Disappointingly, that’s a pretty terse explanation. Ideally, it would explain all the different choices, where to set this property, and have a code snippet to show you the synax. Some defaults in this document are linked to their choices. This one is not.

Searching the page for OrientationType does yield promising results for what the possible values are at least:

The best looking match is:

There’s also a close sounding match “primitives.text.TextOrientationType” however, the descriptions reveal that option is for changing the orientation of the text, not the chart.

So, now, how to use the information we’ve found from the reference guide?

If you go to the “How to Use” section, there’s a list of examples. You could really start with any of them, but I’ll pick the “First organizational chart”. On the plus sides, these examples are all editable, so you can experiment. On the down side, if you make a syntax mistake, the whole chart disappears and it doesn’t tell you where your mistake is.

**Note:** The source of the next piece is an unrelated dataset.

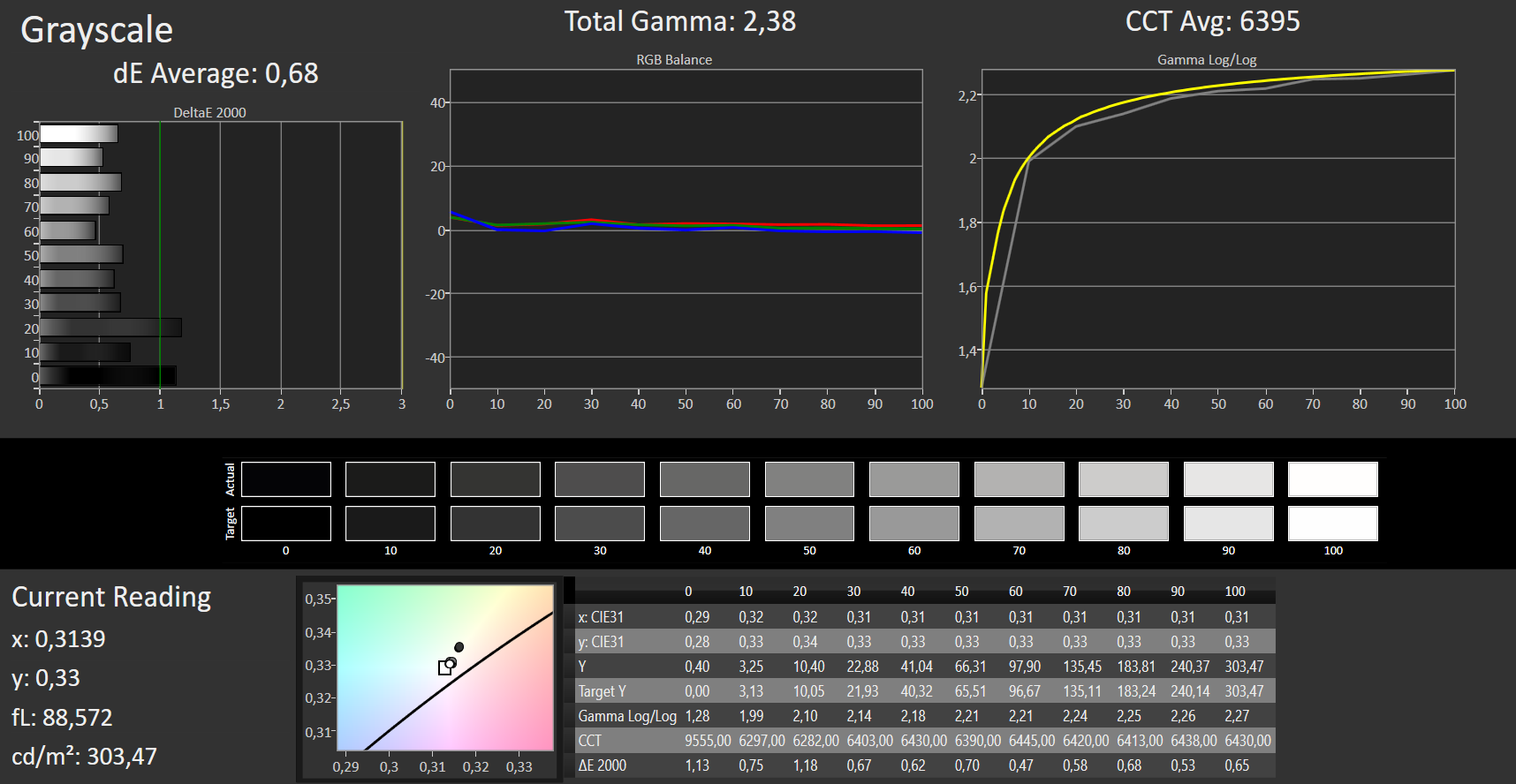 ΔE Greyscale Calman: 3.23 | ∀{0.09-98 Ø5}

So the important parts here are where the global options variable is initialized, and where they use it.

Initialization:

var options = new primitives.orgdiagram.Config();

this is given in the example. You’ll notice the variable options is of the type primitives.orgdiagram.Config, like we saw in the reference guide above. So this variable is the one you need to use to change any *global* configuration item that is in that same section of the reference guide.

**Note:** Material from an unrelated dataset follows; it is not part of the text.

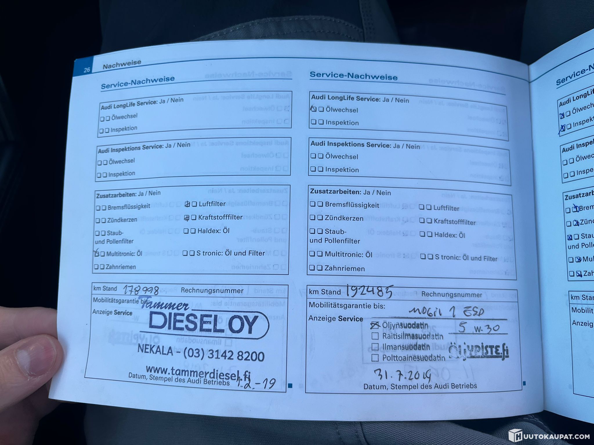 Huoltokirja ja 2 avainta

Now skip down near the end of the example:

options.rootItem = rootItem;
options.hasSelectorCheckbox = primitives.common.Enabled.True;

These two lines change a couple of the global configuration options. So, to add another global option, you just need to add another line of code before or after these two lines, adding your new option.

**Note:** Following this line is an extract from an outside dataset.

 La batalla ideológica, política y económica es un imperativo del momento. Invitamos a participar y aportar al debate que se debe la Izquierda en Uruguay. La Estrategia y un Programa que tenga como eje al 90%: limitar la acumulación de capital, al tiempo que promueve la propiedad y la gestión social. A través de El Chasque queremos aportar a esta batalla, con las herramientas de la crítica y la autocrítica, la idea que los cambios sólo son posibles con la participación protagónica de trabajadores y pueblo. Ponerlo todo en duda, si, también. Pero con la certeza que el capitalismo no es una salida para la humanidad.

Go back to the beginning of the reference guide, jump to the section on primatives.orgdiagram.config again, everything under the word “properties” here is a property of options that can be set:

The correct value to use is a little trickier in this particular case. The documentation showed an example of the default being primitives.orgdiagram.OrientationType.Top, however, the documentation shows the possible values for Orientation under a heading called primitives.common.OrientationType. Notice anything different about the package naming? Yeah, that’s a little confusing, and I ended up with a blank diagram a couple times because of this.

Looking at the source code for the enumeration, it appears to be a simple documentation error, that the comment was not updated when the package name was changed for whatever reasons. Here’s the definition in the source code:

/*
Enum: primitives.common.OrientationType
Defines diagram orientation type.

Top - Vertical orientation having root item at the top.
Bottom - Vertical orientation having root item at the bottom.
Left - Horizontal orientation having root item on the left.
Right - Horizontal orientation having root item on the right.
*/
primitives.orgdiagram.OrientationType =
{
Top: 0,
Bottom: 1,
Left: 2,
Right: 3
};

Yep, I’m sure you’ve all seen code like that before. Anyway, just use OrientationType defined in orgdiagram, because that’s what the code says, and what works. And if you find some other property you want to set, and it’s not working, check the package name in the source code to make sure it’s right.

So our working line of code to change the orientation becomes:

options.orientationType = primitives.orgdiagram.OrientationType.Left;

And you just have to put that with the other global options (technically, other places are ok too, but to keep things simple, leave all the options in one place.

If you go back to the orgdiagram.global properties list at the beginning of the documenation,

(there’s more than fit in this screenshot), any of these are set following the same formula. Orientation Type is not the only enumeration incorrectly documented. graphicsType isn’t defined in the documenation at all. Just search the source code for the possible enumeration values. Theres no apparent consistency about whether things are under common or orgdiagam, so just look up what’s in which spot, unless you start to notice a pattern I missed.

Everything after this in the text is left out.